Clep-clop; clep-clop. Un abecedario de estrellas recorriendo el cielo. Clep-clop;

clep-clop, Ha llegado esta tarde hermosa la noche con los ojos pintados de azul. Clep-

clop; clep-clop. Por la rúa desierta y estrecha, salpica el silencio un caballo que vuelve,

clep-clop, clep-clop, con la pena cargada en la grupa y algunas hojillas de olivo en la

crin. Clep-clop; clep-clop. Logronio duerme tranquilo. Clep-clop; clep-clop. El fresco

se funde en las piedras redondas, clep-clop, clep-clop, del angostillo callizo que viene

de Compostela. Clep-clop, clep-clop. Y siguen cayendo serenos los cascos de plata que

tornan, clep-clop, clep-clop, hasta clavarse con un puñal de sigilo en la iglesia de Santiago.

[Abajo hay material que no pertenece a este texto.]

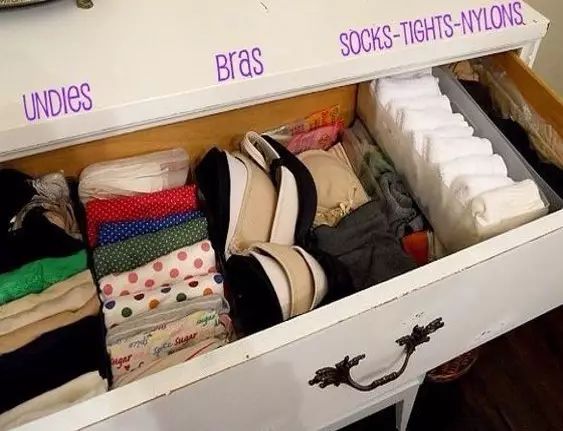 嘿姐在以前内衣收纳视频中也曾经分享过一个,每个格子的挡板都自带弹力,全部打开可以收纳袜子,全部收起又能收纳内衣,好用到流泪。。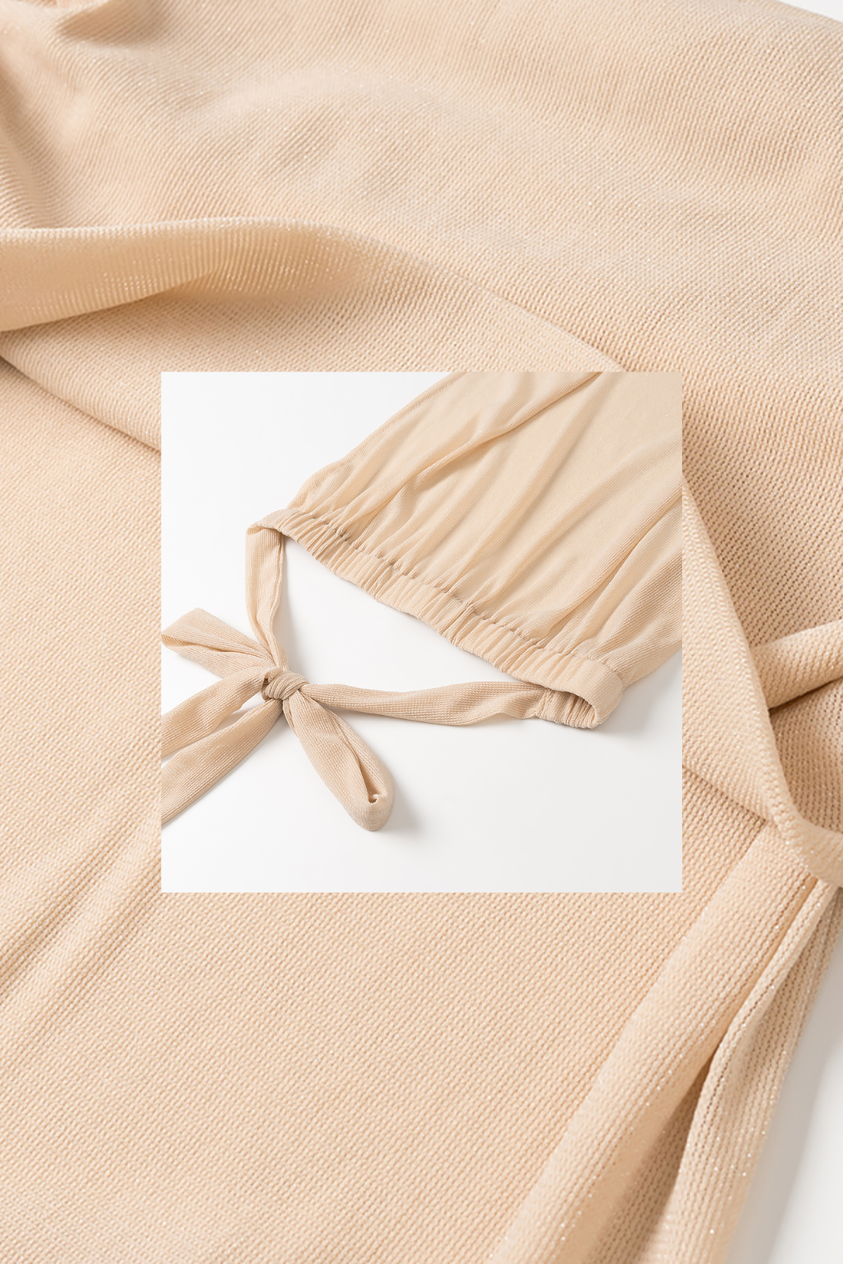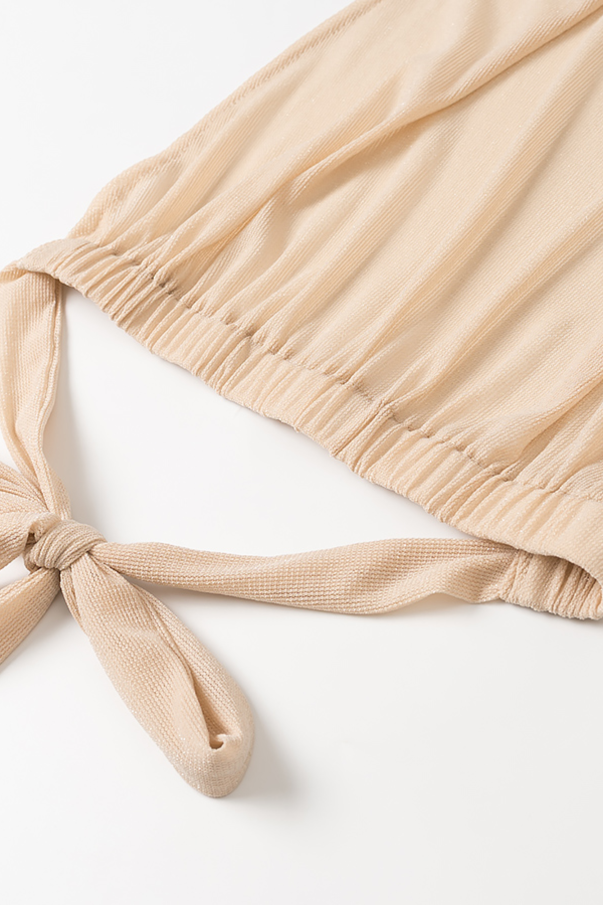 Closure: Self-tie halter top; concealed side zipper on skirt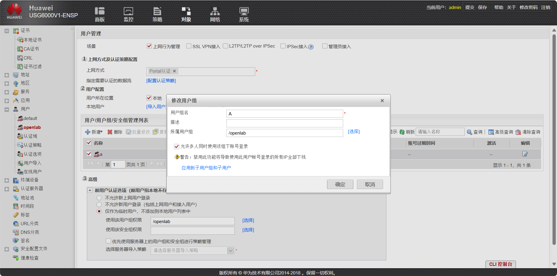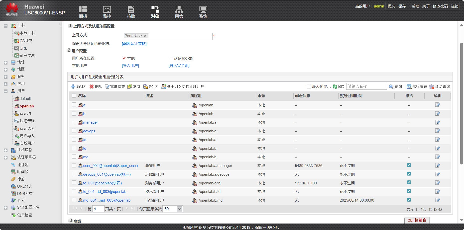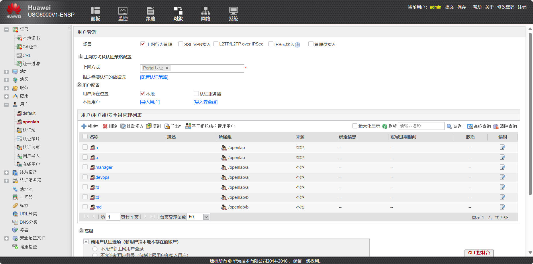 - 创建名为openlab的认证域,采用 Portal 认证方案,接入控制设为上网行为管理,新用户默认使用/openlab组权限。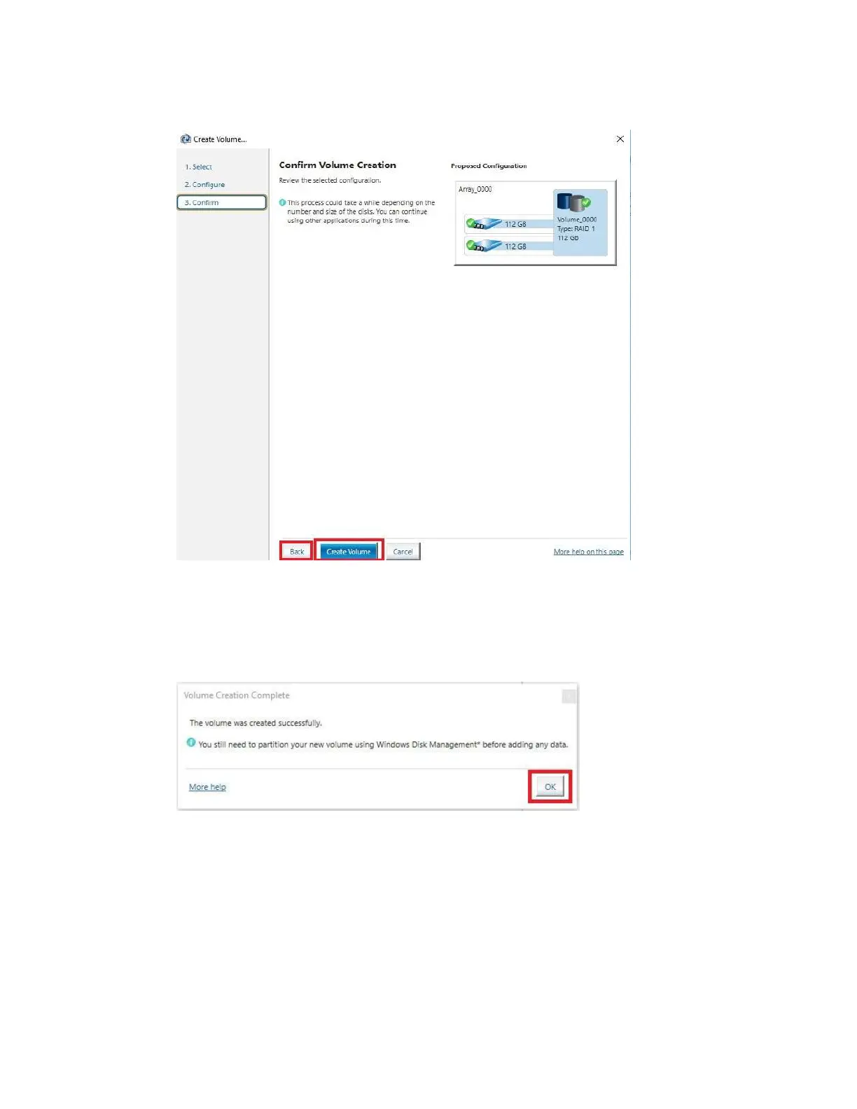see the message below. The array is now ready to be partitioned, formatted, and used.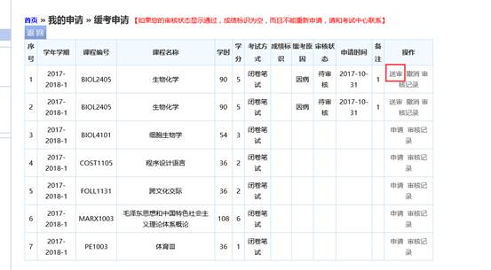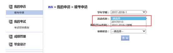 2、点击【缓考申请】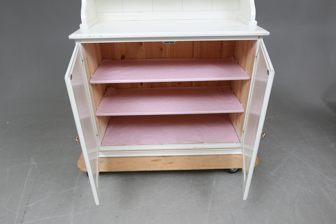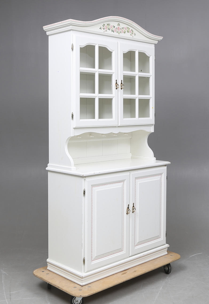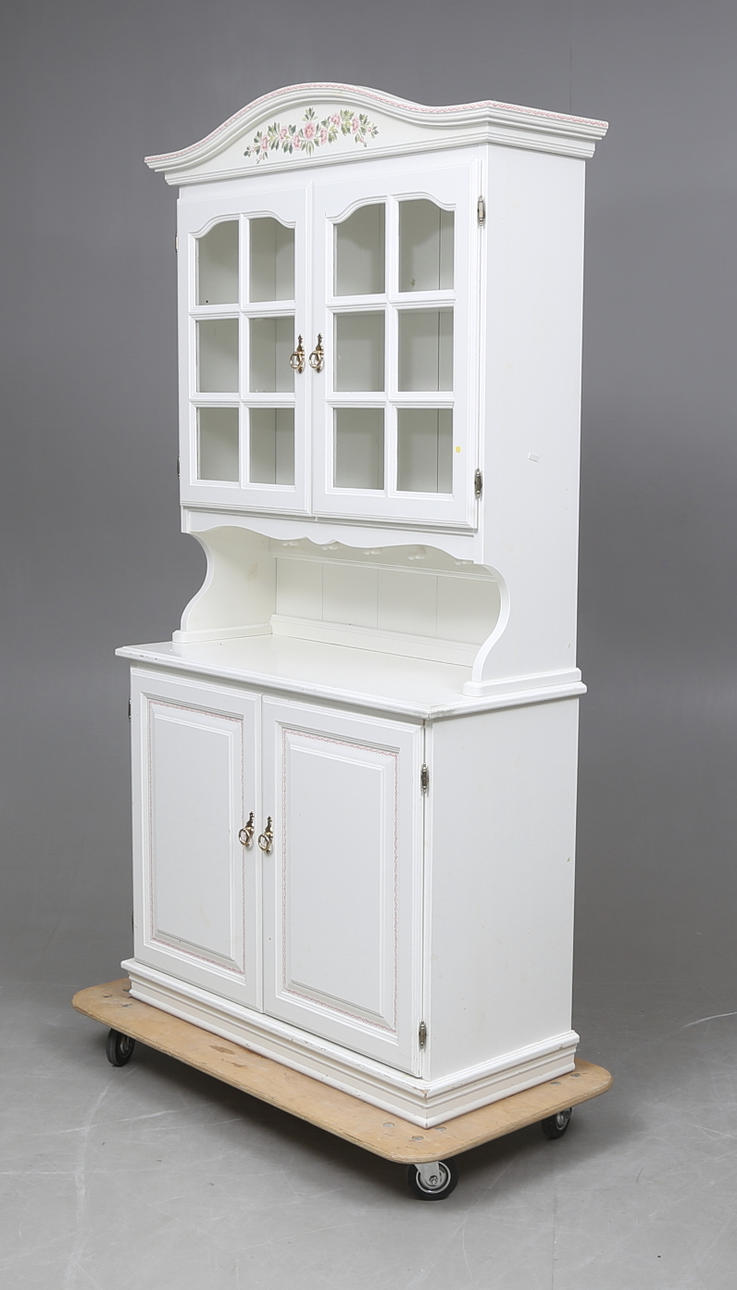 Överdel med vitrin, längd ca. 100, bredd 43, höjd 198 cm.
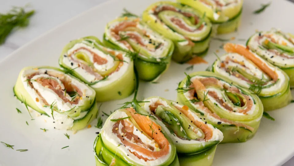 Get This Recipe: Smoked Salmon and Cream Cheese Cucumber Rolls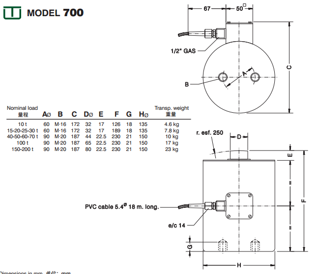 【MOD700傳感器】MOD700-10t~MOD700-200t_西班牙UTILCELL稱(chēng)重傳感器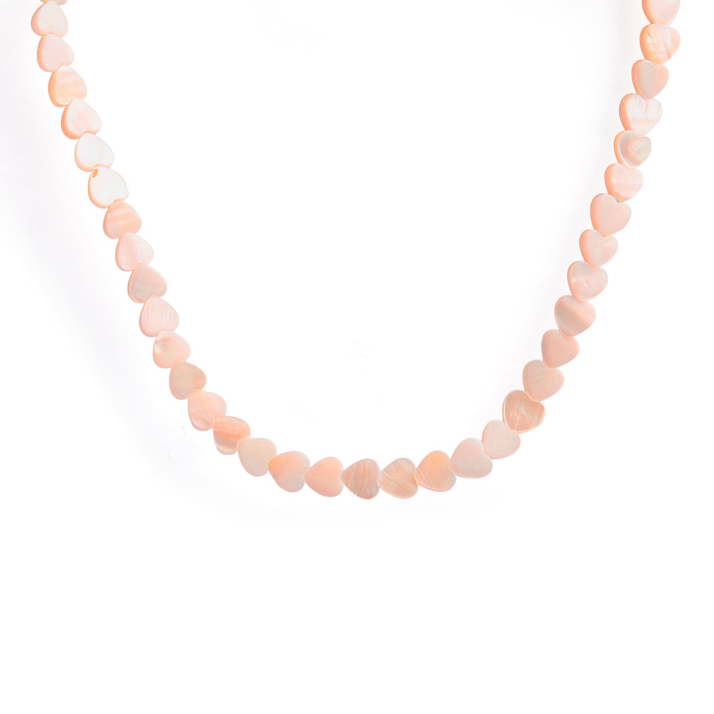 The Amora Shell Necklace is crafted from beautiful heart-shaped, pearlised shell beads that gently glisten as they catch the light, bringing a delicate, romantic finish to everyday styling.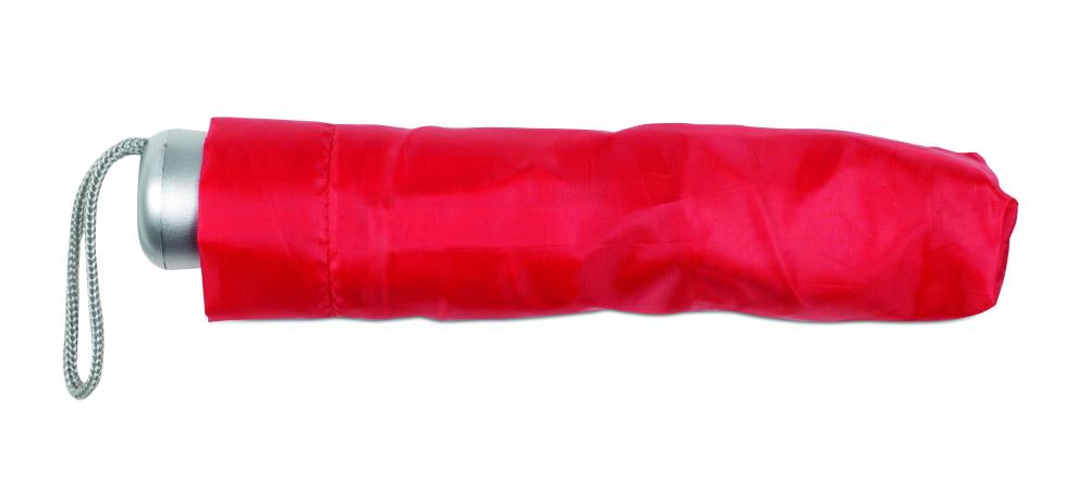 Ręcznie składana na 3, mini parasolka w etui. Średnica: 21 cali, wykonana z poliestru 190T. Trzon, żebra oraz końcówki ocynkowane. Srebrny, plastikowy uchwyt z paskiem na rękę. Dopasowane etui.

Dalmática blanca y, como un grito, túnica amapola cruzándole el pecho. Lacerías

en el alma y el costal, descabalga agotado el jinete y arrodillándose con fervor frente a

la todavía áspera puerta de la iglesia, se santigua diez veces. Entumecido por la larga

jornada recorrida, el caballero comprueba al ponerse en pie que apenas puede guardar el

equilibrio. Se hincha de aire y exhala profundamente en un crujir de costillas. Esta

noche Logronio huele a hierba y a flores con la nitidez de la fruta fresca. Luego el

noble enreda en un poste las riendas de su palafrén y con manos temblorosas desata del

arzón un relicario esmaltado con azules, verdes y gotas de púrpura. Es este relicario una

arqueta rectangular, con cubierta a dos aguas y rematada en una perforada cresta de oro

labrado. Sobre su tapa reina un cristo en majestad dentro de una mandorla sustentada

por cuatro ángeles flotantes. El caballero toma cuidadosamente la arqueta y balbucea

algunas jaculatorias. Mira al cielo todo goteado de estrellas e invocando al Cristo de

Namur, a san Martín de Tours, a san Hilario de Poitiers, a Notre Damme la Grande y al

apóstol Santiago, roza delicadamente con la palma de su mano derecha la piedra del

parteluz y se introduce en la iglesia.

1 Jean d´Hannut consiguió el segundo premio en el “XIV premio de narración breve De Buena Fuente”, convocado en 1999 por el Ayuntamiento de Logroño. Las narraciones tenían que referirse como tema obligado a “El Camino de Santiago a su paso por Logroño”. El premio estaba patrocinado por la Fundación Caja Rioja, gracias a la cual reproducimos el relato. La ilustración es de Rubén Bergasa y forma parte de la edición original, que lleva el título del relato ganador: La decisión de Matías, de Juan Ugarte Pereira, ed. de Fundación Caja Rioja y Ayuntamiento de Logroño; ed. Quintana Industrias Gráficas, Logroño, 1999.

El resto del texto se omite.